By the time we finally get our Christmas trees up and decorated, some of us wish we could leave them up all year. Other folks can’t wait to drag their tree to the curb or pack it up in a box until next December. When it comes to taking the Christmas tree down, some people pick a date for superstitious or religious reasons. According to SheKnows, these are three of the most popular dates to take the tree down and the reason behind them:

  • December 31st – Taking your Christmas tree down before midnight on New Year’s Eve could be good luck. Some believe that if you don’t, you’ll drag all of your baggage and bad luck from the past year into the new one. If you’re superstitious, this may be the date for you.

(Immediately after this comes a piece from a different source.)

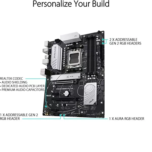 - Éclairage Aura Sync RGB : connecteurs Gen 2 adressables intégrés et connecteur Aura RGB pour bandes de LED RGB, facilement synchronisés avec le matériel compatible Aura Sync

  • January 5th – This is traditionally considered the Twelfth Day of Christmas, or Twelfth Night, as in the last of 12 days of merriment. You could think of taking your tree down on this date as getting closure on the holiday season.
  • January 6th – Some take their Christmas tree down on this date in observance of the Epiphany, a Christian holiday “marking the revelation of God in human form in the person of Jesus.” Some people believe that leaving your tree up past the 6th brings bad luck.